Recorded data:
• • • •

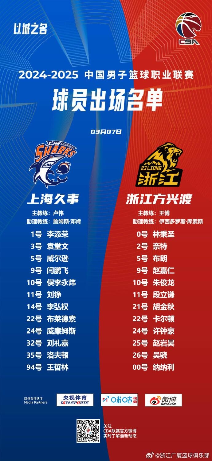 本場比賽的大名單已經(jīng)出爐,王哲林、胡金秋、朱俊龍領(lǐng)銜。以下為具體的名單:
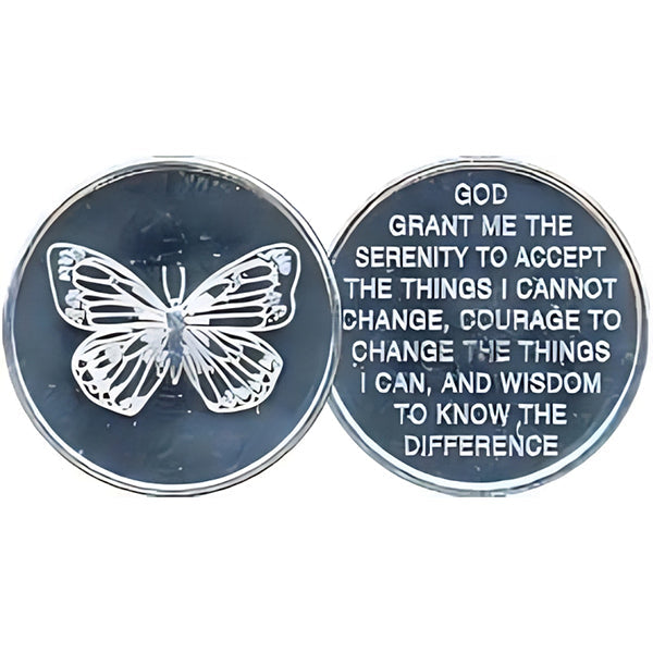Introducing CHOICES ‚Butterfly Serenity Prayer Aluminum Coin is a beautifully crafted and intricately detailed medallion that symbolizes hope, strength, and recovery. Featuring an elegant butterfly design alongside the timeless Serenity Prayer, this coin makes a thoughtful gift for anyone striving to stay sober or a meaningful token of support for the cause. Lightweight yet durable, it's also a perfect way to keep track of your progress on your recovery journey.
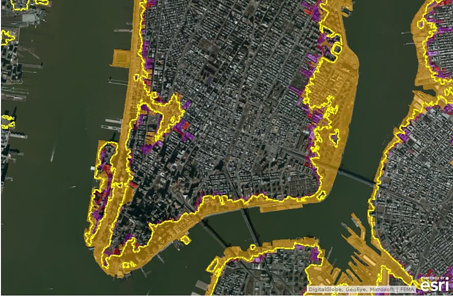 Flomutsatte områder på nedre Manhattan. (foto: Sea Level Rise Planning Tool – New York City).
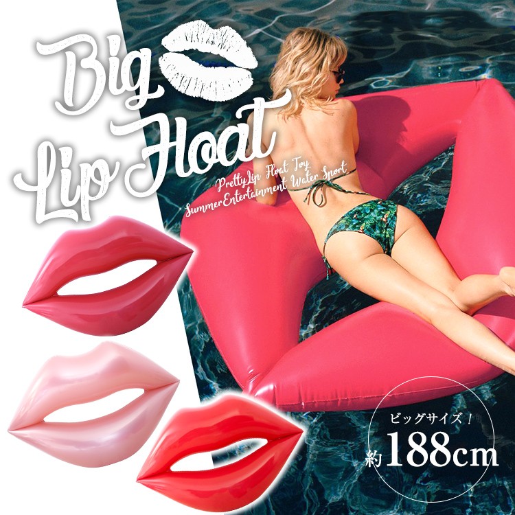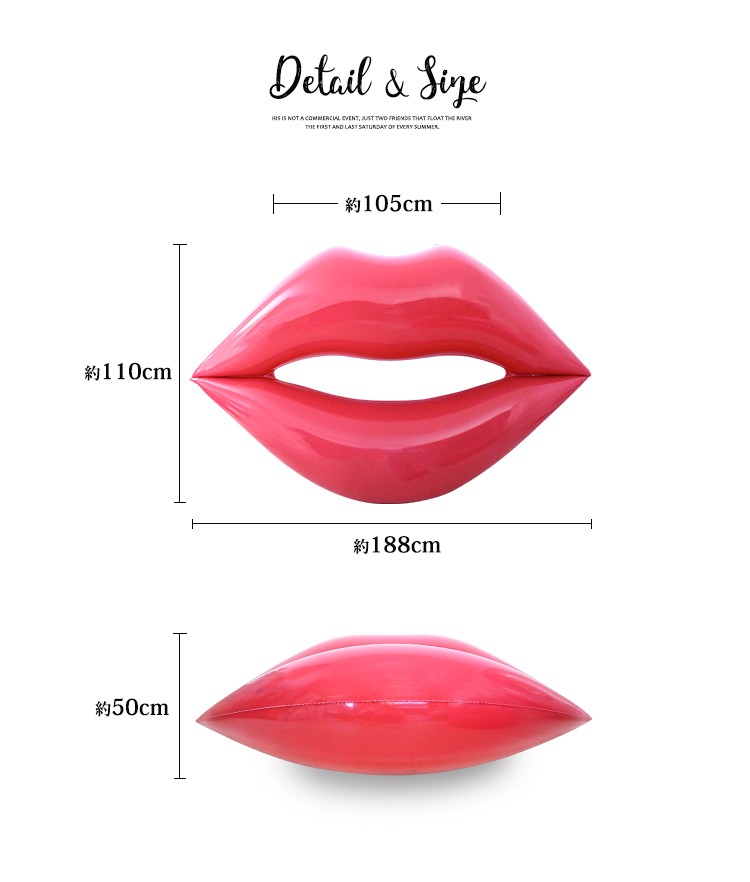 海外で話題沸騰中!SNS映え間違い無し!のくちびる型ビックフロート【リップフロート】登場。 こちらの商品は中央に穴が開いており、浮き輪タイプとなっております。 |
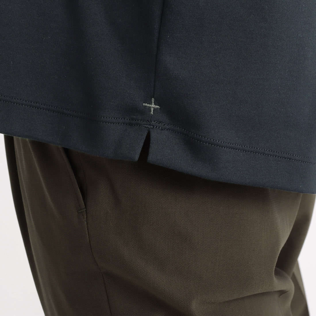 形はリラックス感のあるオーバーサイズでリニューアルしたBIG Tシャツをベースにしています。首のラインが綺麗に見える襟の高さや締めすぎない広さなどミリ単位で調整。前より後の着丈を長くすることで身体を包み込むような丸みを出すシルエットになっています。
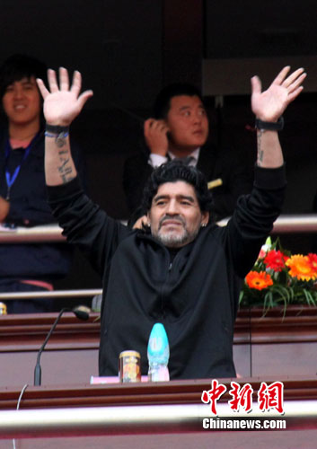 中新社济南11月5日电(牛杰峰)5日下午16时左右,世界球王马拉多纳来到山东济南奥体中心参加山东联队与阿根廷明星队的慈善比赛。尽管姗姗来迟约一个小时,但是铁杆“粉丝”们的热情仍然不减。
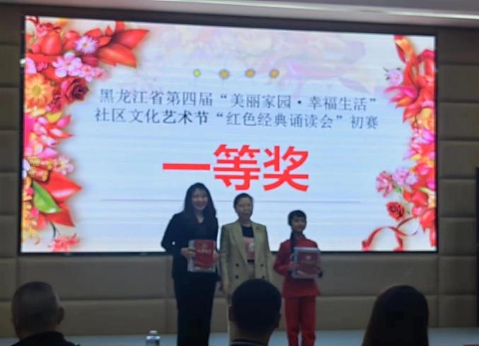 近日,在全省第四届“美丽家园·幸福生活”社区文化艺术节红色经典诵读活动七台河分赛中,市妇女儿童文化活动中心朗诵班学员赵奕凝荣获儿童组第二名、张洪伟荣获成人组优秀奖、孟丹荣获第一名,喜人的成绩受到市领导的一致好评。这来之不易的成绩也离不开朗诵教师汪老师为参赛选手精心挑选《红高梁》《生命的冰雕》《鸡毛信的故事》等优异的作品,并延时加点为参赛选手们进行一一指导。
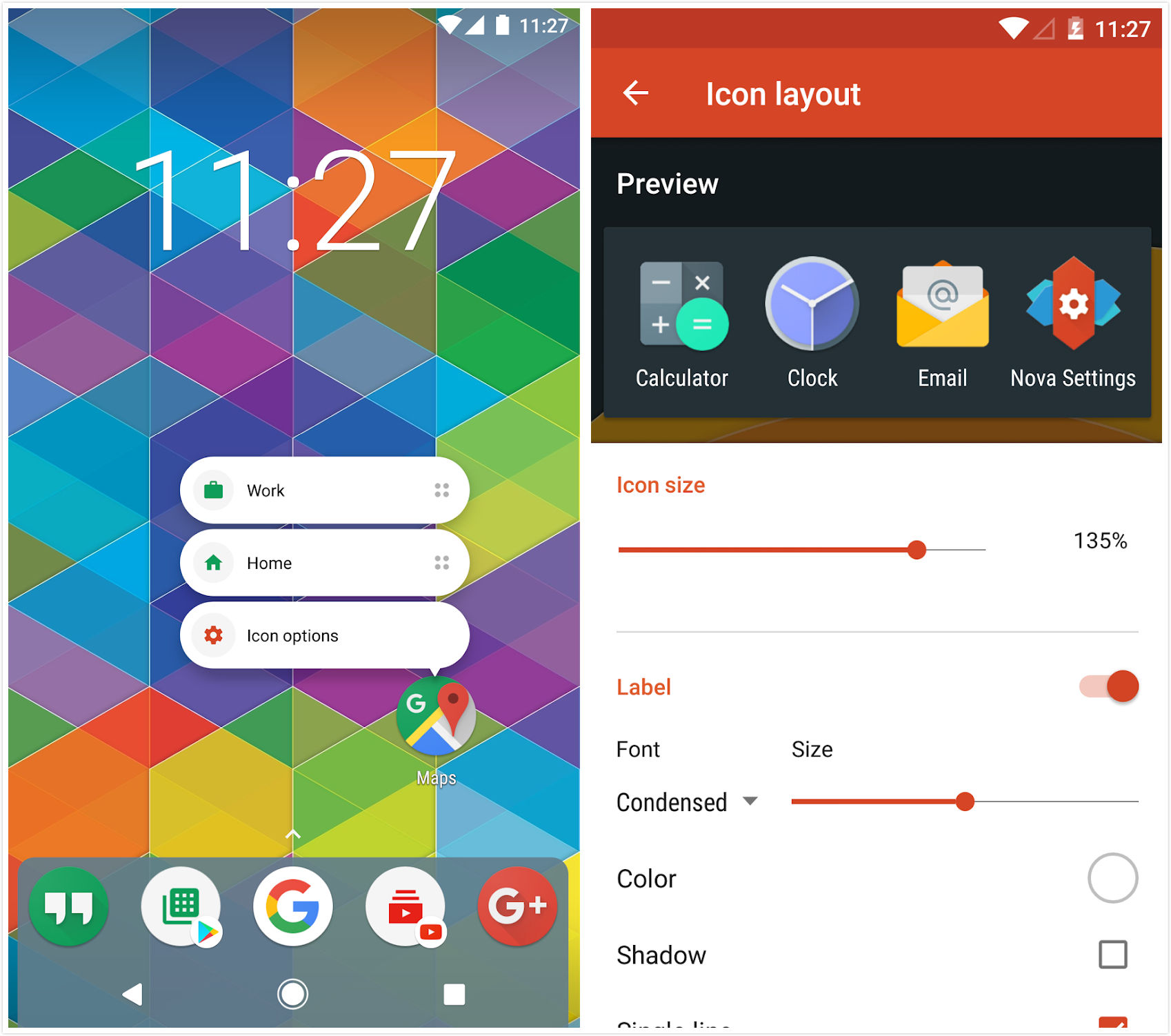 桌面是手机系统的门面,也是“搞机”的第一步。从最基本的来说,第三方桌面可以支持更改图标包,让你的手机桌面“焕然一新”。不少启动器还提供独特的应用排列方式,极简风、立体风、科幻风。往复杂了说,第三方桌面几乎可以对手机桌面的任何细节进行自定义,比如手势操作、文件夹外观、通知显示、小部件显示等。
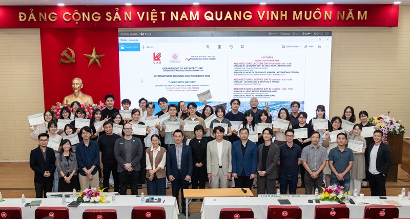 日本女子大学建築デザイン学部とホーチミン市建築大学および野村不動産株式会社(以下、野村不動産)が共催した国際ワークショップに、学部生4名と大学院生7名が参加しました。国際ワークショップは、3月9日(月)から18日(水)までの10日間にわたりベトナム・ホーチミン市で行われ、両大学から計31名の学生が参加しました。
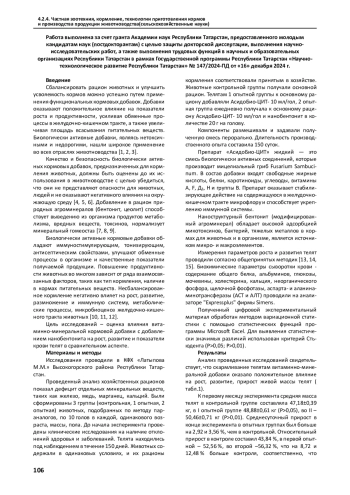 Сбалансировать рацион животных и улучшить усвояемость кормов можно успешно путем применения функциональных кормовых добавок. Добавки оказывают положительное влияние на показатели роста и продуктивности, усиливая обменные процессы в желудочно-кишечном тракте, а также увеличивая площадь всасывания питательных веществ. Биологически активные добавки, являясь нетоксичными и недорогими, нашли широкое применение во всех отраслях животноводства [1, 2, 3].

• • • •

**WHAT THE TASK REQUIRES:**
Word for word, repeat each line of the records, and leave every image out.

**FINISHED TASK:**
 本場比賽的大名單已經(jīng)出爐,王哲林、胡金秋、朱俊龍領(lǐng)銜。以下為具體的名單:
Introducing CHOICES ‚Butterfly Serenity Prayer Aluminum Coin is a beautifully crafted and intricately detailed medallion that symbolizes hope, strength, and recovery. Featuring an elegant butterfly design alongside the timeless Serenity Prayer, this coin makes a thoughtful gift for anyone striving to stay sober or a meaningful token of support for the cause. Lightweight yet durable, it's also a perfect way to keep track of your progress on your recovery journey.
 Flomutsatte områder på nedre Manhattan. (foto: Sea Level Rise Planning Tool – New York City).
 海外で話題沸騰中!SNS映え間違い無し!のくちびる型ビックフロート【リップフロート】登場。 こちらの商品は中央に穴が開いており、浮き輪タイプとなっております。 |
 形はリラックス感のあるオーバーサイズでリニューアルしたBIG Tシャツをベースにしています。首のラインが綺麗に見える襟の高さや締めすぎない広さなどミリ単位で調整。前より後の着丈を長くすることで身体を包み込むような丸みを出すシルエットになっています。
 中新社济南11月5日电(牛杰峰)5日下午16时左右,世界球王马拉多纳来到山东济南奥体中心参加山东联队与阿根廷明星队的慈善比赛。尽管姗姗来迟约一个小时,但是铁杆“粉丝”们的热情仍然不减。
 近日,在全省第四届“美丽家园·幸福生活”社区文化艺术节红色经典诵读活动七台河分赛中,市妇女儿童文化活动中心朗诵班学员赵奕凝荣获儿童组第二名、张洪伟荣获成人组优秀奖、孟丹荣获第一名,喜人的成绩受到市领导的一致好评。这来之不易的成绩也离不开朗诵教师汪老师为参赛选手精心挑选《红高梁》《生命的冰雕》《鸡毛信的故事》等优异的作品,并延时加点为参赛选手们进行一一指导。
 桌面是手机系统的门面,也是“搞机”的第一步。从最基本的来说,第三方桌面可以支持更改图标包,让你的手机桌面“焕然一新”。不少启动器还提供独特的应用排列方式,极简风、立体风、科幻风。往复杂了说,第三方桌面几乎可以对手机桌面的任何细节进行自定义,比如手势操作、文件夹外观、通知显示、小部件显示等。
 日本女子大学建築デザイン学部とホーチミン市建築大学および野村不動産株式会社(以下、野村不動産)が共催した国際ワークショップに、学部生4名と大学院生7名が参加しました。国際ワークショップは、3月9日(月)から18日(水)までの10日間にわたりベトナム・ホーチミン市で行われ、両大学から計31名の学生が参加しました。
 Сбалансировать рацион животных и улучшить усвояемость кормов можно успешно путем применения функциональных кормовых добавок. Добавки оказывают положительное влияние на показатели роста и продуктивности, усиливая обменные процессы в желудочно-кишечном тракте, а также увеличивая площадь всасывания питательных веществ. Биологически активные добавки, являясь нетоксичными и недорогими, нашли широкое применение во всех отраслях животноводства [1, 2, 3].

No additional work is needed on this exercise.